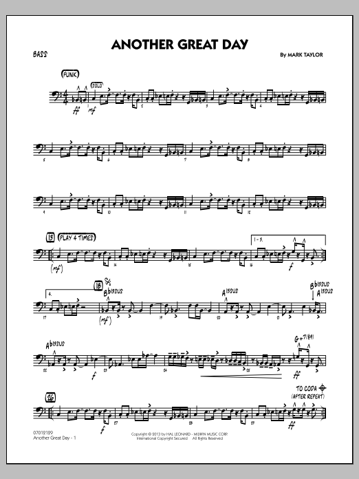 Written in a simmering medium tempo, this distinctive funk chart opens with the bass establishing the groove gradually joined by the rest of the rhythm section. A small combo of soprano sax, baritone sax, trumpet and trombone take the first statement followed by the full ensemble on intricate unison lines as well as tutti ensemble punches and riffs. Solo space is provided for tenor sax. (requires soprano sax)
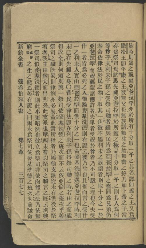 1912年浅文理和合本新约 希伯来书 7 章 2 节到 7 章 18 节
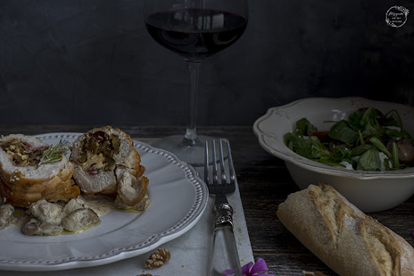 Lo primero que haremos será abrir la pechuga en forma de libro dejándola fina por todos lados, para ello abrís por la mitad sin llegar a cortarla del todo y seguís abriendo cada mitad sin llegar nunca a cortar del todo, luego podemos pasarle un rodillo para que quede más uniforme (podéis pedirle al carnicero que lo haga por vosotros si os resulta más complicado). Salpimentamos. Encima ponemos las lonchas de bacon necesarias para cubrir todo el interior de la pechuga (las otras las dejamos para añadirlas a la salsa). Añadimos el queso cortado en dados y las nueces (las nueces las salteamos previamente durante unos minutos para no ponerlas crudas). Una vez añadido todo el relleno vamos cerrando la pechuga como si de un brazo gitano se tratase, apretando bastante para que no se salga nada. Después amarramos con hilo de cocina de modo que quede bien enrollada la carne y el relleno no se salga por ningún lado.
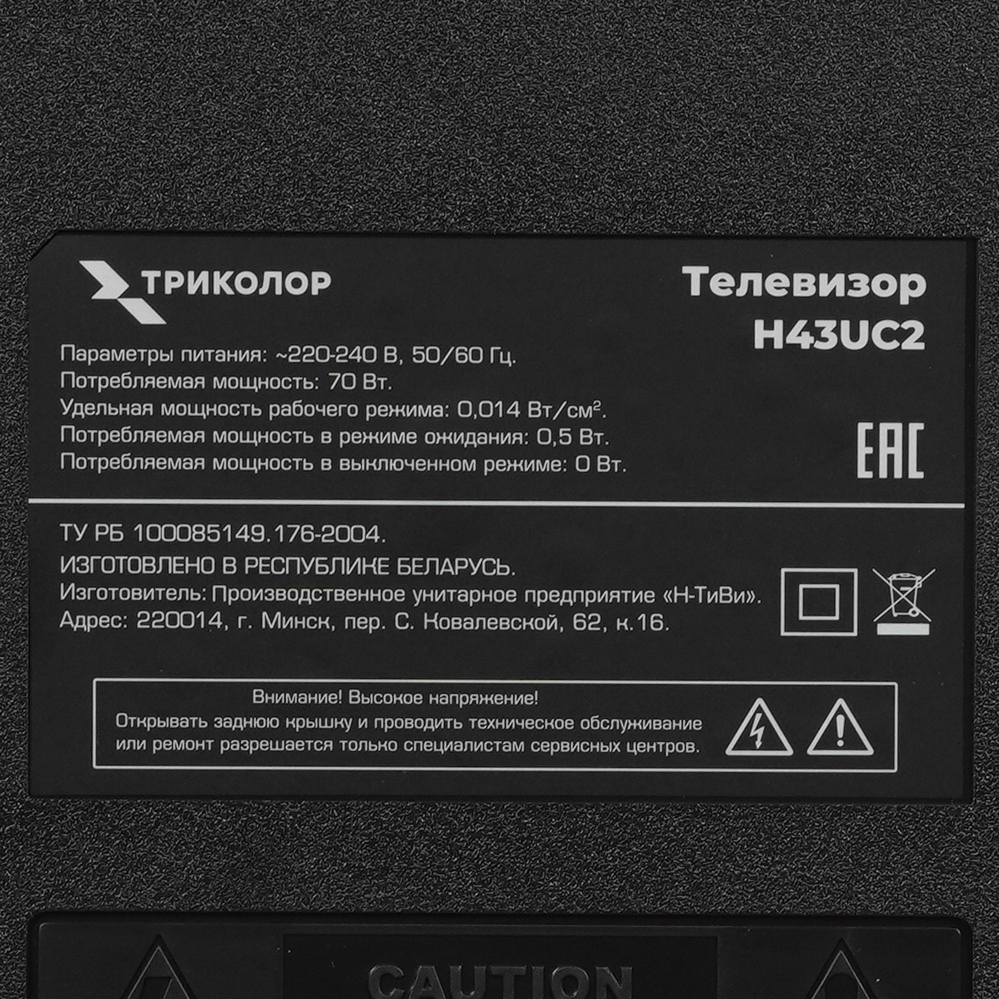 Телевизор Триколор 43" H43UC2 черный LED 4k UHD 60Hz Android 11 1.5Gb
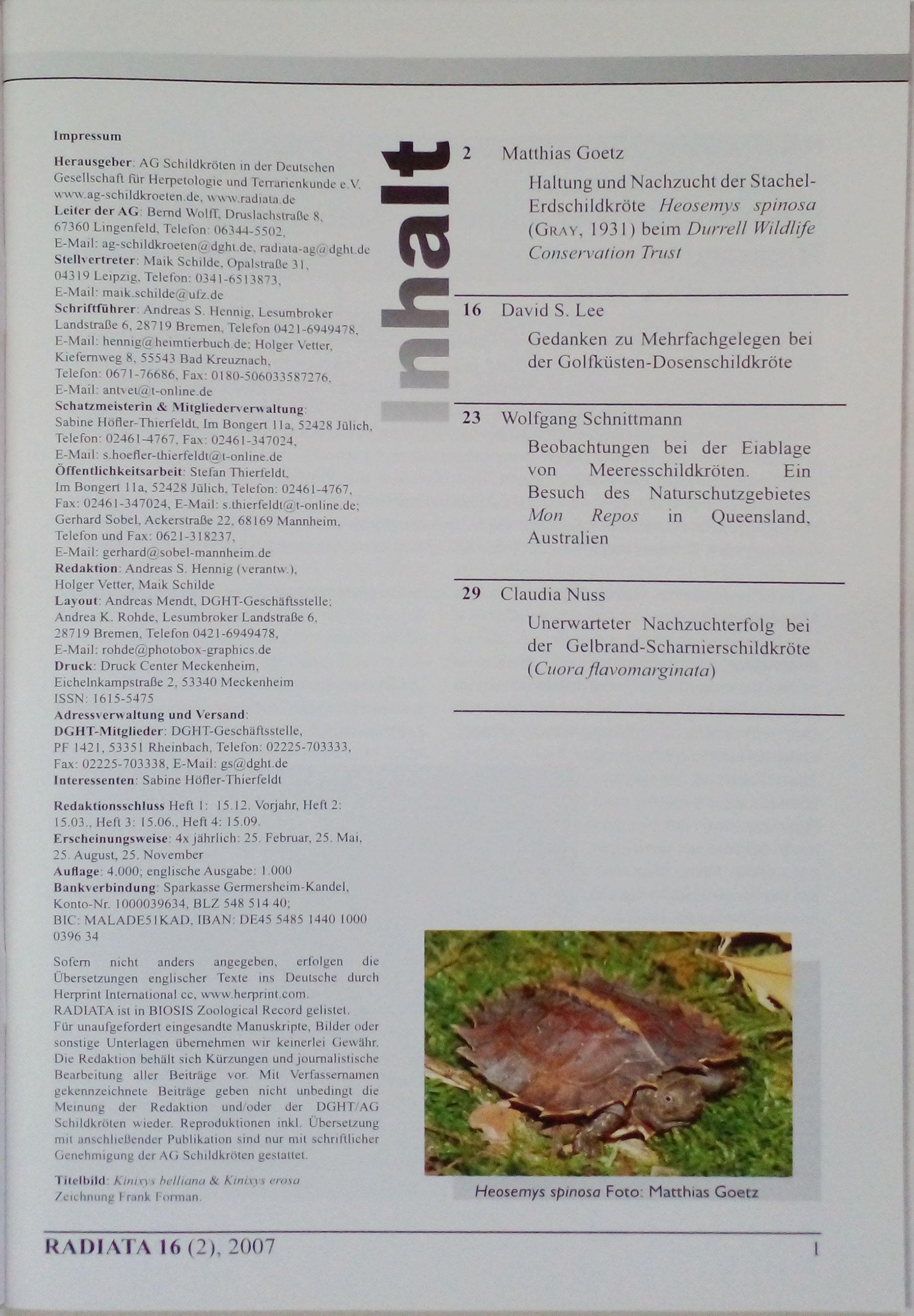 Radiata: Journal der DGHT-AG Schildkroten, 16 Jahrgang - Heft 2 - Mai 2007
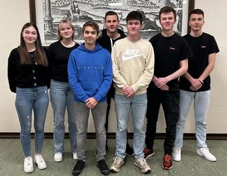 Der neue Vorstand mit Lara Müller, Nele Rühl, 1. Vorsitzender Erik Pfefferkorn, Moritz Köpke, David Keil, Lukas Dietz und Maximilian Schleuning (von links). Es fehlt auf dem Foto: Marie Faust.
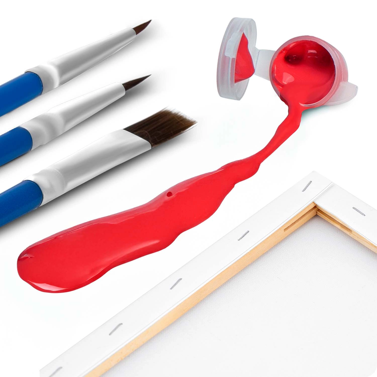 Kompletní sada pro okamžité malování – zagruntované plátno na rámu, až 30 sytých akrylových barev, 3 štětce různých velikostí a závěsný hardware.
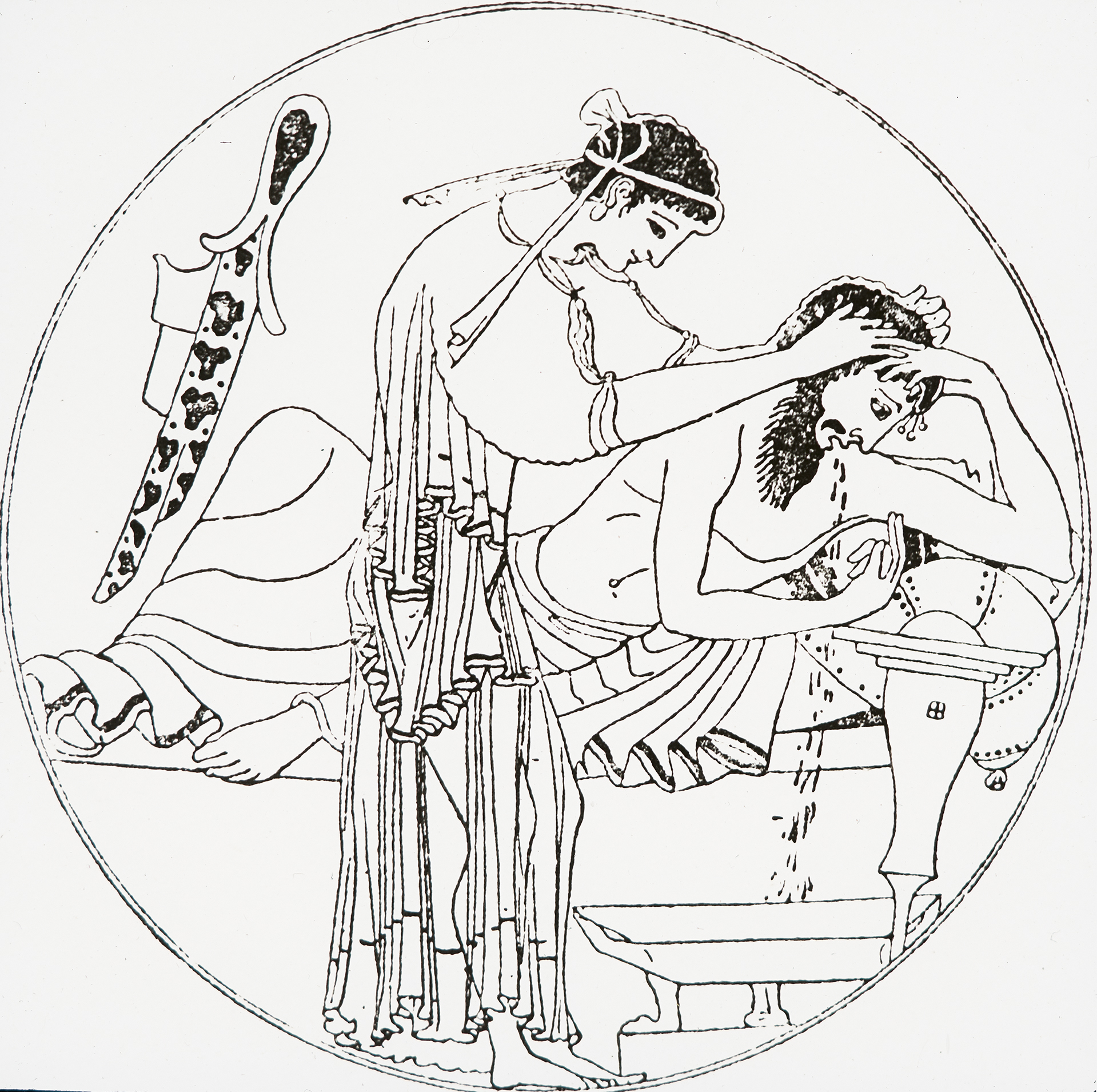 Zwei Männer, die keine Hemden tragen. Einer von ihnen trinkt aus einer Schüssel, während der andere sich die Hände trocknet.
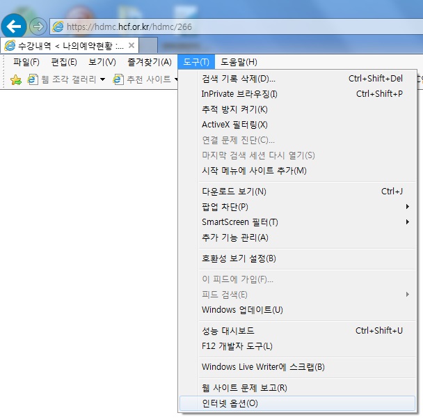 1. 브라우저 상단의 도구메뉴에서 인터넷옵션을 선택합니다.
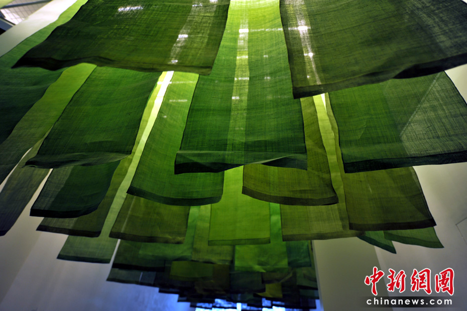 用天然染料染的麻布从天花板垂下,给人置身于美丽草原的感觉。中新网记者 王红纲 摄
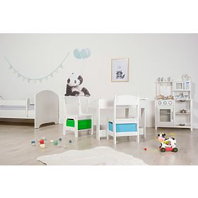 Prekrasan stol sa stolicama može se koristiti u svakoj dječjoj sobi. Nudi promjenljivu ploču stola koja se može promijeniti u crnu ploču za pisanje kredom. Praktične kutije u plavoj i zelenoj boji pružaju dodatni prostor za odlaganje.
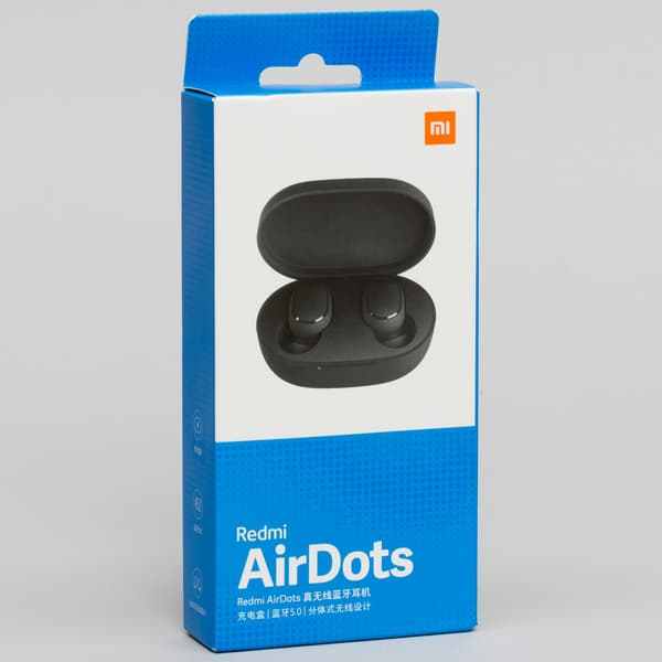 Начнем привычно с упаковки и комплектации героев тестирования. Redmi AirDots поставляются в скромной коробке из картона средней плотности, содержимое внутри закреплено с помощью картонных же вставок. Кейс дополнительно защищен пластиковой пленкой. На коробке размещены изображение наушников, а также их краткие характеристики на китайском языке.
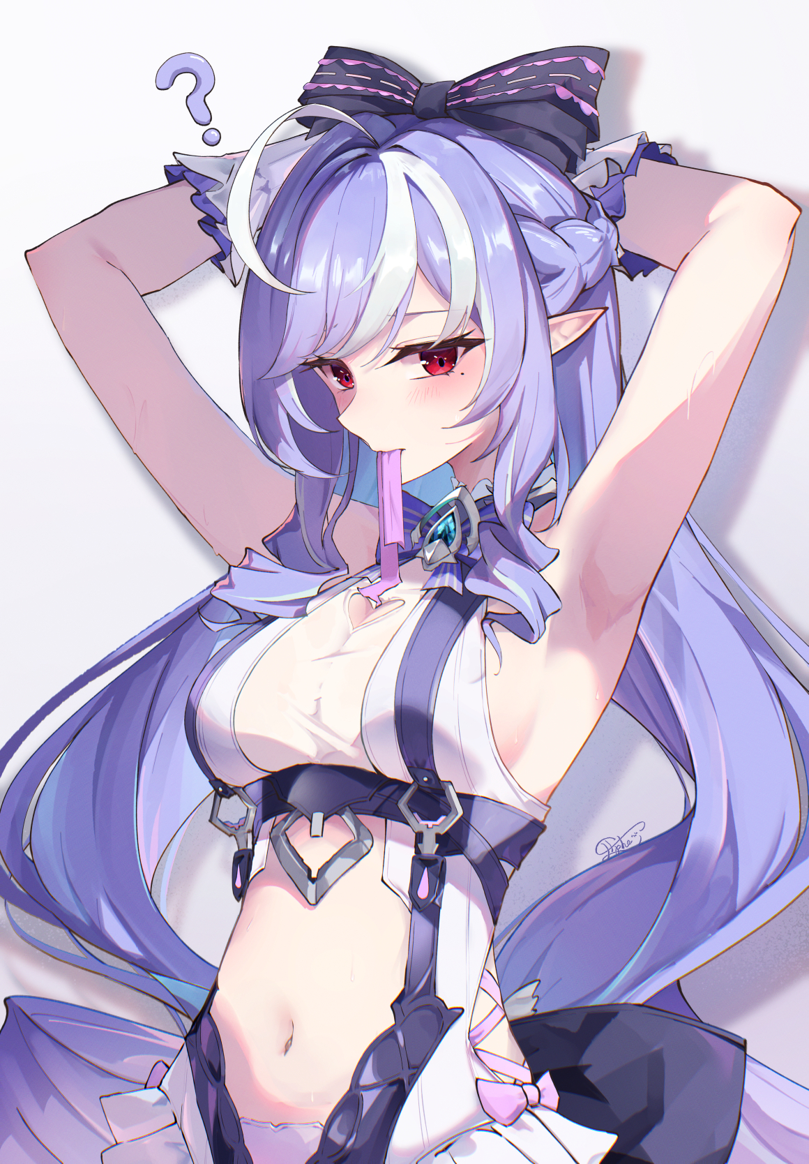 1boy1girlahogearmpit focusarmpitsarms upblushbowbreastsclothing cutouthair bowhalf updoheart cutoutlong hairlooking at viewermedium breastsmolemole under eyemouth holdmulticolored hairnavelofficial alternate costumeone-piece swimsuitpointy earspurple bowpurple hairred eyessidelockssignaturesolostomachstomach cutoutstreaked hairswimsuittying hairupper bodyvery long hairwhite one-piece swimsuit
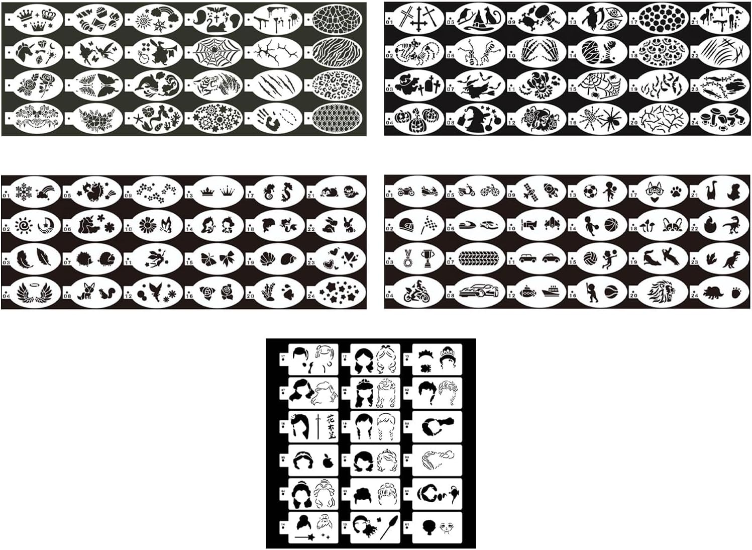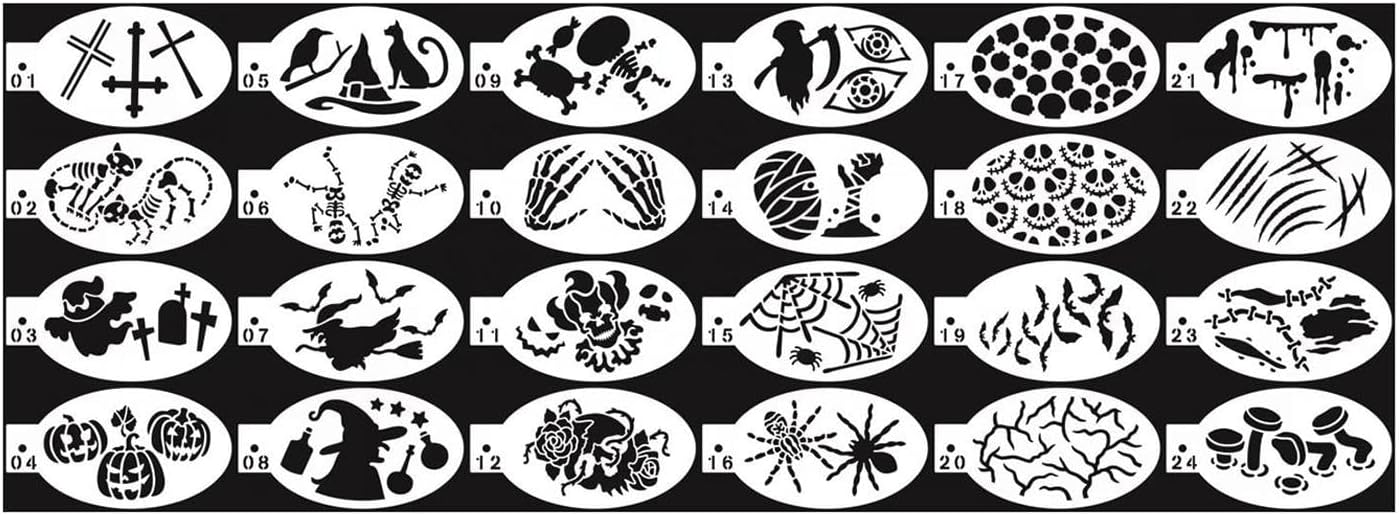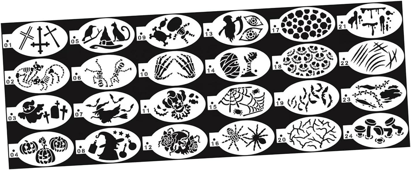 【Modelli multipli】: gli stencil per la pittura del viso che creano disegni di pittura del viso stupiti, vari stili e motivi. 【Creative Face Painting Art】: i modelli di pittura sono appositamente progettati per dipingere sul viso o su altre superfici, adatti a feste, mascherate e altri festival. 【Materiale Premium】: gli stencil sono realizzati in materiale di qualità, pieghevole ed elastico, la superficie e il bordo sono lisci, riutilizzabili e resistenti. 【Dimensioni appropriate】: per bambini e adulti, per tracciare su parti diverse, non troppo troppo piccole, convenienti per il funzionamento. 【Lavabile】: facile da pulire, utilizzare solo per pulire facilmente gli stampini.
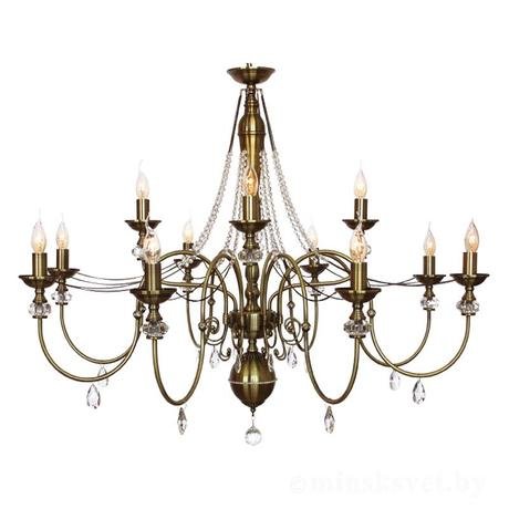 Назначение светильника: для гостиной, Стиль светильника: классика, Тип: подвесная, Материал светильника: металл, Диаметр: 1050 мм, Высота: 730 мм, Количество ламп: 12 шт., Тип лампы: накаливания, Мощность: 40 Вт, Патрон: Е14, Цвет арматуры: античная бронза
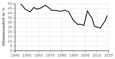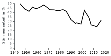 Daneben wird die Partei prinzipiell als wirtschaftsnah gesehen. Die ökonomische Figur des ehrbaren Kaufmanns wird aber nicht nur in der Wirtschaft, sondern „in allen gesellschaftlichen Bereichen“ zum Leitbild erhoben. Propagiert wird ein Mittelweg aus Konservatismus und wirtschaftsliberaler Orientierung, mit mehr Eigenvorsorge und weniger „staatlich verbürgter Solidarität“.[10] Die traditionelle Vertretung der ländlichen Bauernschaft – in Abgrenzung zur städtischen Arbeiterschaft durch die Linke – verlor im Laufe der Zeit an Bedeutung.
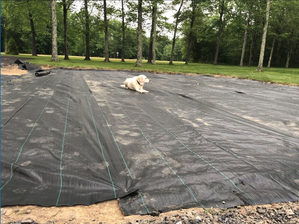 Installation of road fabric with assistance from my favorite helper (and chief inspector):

--------------------------------

[What to work on]: Using the listing above, reproduce word for word every line from the one containing "Prekrasan stol sa" through the one containing "Начнем привычно с". Pictures must be left out.

[Task answer]:
 Prekrasan stol sa stolicama može se koristiti u svakoj dječjoj sobi. Nudi promjenljivu ploču stola koja se može promijeniti u crnu ploču za pisanje kredom. Praktične kutije u plavoj i zelenoj boji pružaju dodatni prostor za odlaganje.
 Начнем привычно с упаковки и комплектации героев тестирования. Redmi AirDots поставляются в скромной коробке из картона средней плотности, содержимое внутри закреплено с помощью картонных же вставок. Кейс дополнительно защищен пластиковой пленкой. На коробке размещены изображение наушников, а также их краткие характеристики на китайском языке.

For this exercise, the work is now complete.